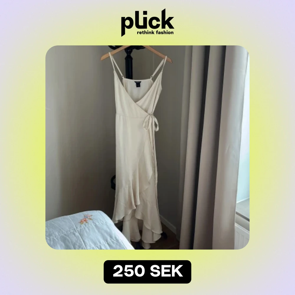 Superfin pärlfärgad klänning köpt på Lindex. Storleken är XS men skulle säga att den även passar S. Justerbara, tunna axelband och omlott midja. Aldrig använd då den är för lång på mig (155cm), nyskick!
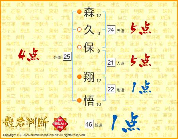森(12画)久(3画)保(9画) 翔(12画)悟(10画)
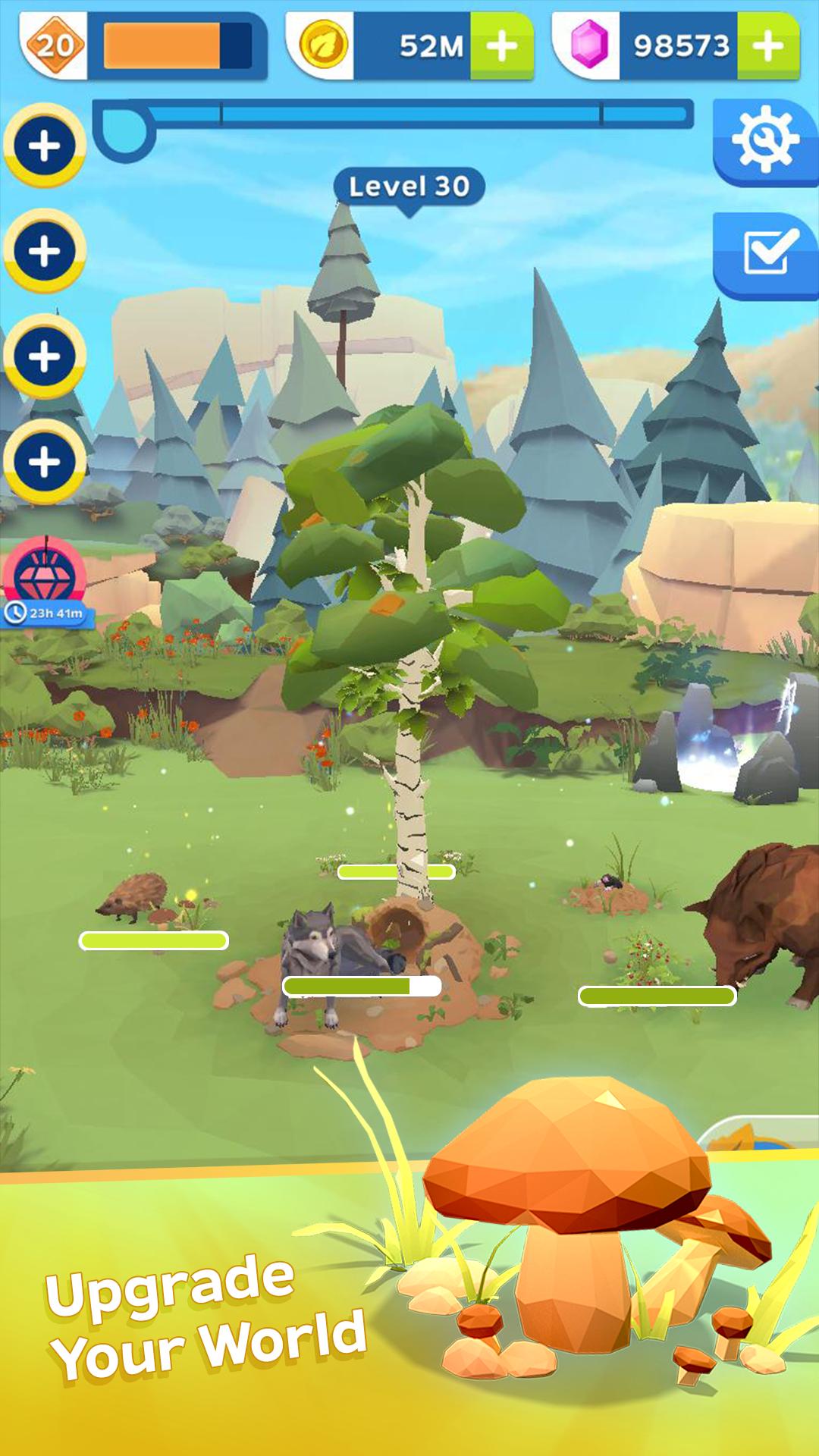 1、通过"生态点"并投资于树木、周围栖息地和动物探访,一个生机勃勃的生物圈。随着生态系统的完善,你将看到更多稀有动物前来造访。

[Task objective]: Output each line above exactly. Skip the images.

[Task answer]:
 Superfin pärlfärgad klänning köpt på Lindex. Storleken är XS men skulle säga att den även passar S. Justerbara, tunna axelband och omlott midja. Aldrig använd då den är för lång på mig (155cm), nyskick!
森(12画)久(3画)保(9画) 翔(12画)悟(10画)
 1、通过"生态点"并投资于树木、周围栖息地和动物探访,一个生机勃勃的生物圈。随着生态系统的完善,你将看到更多稀有动物前来造访。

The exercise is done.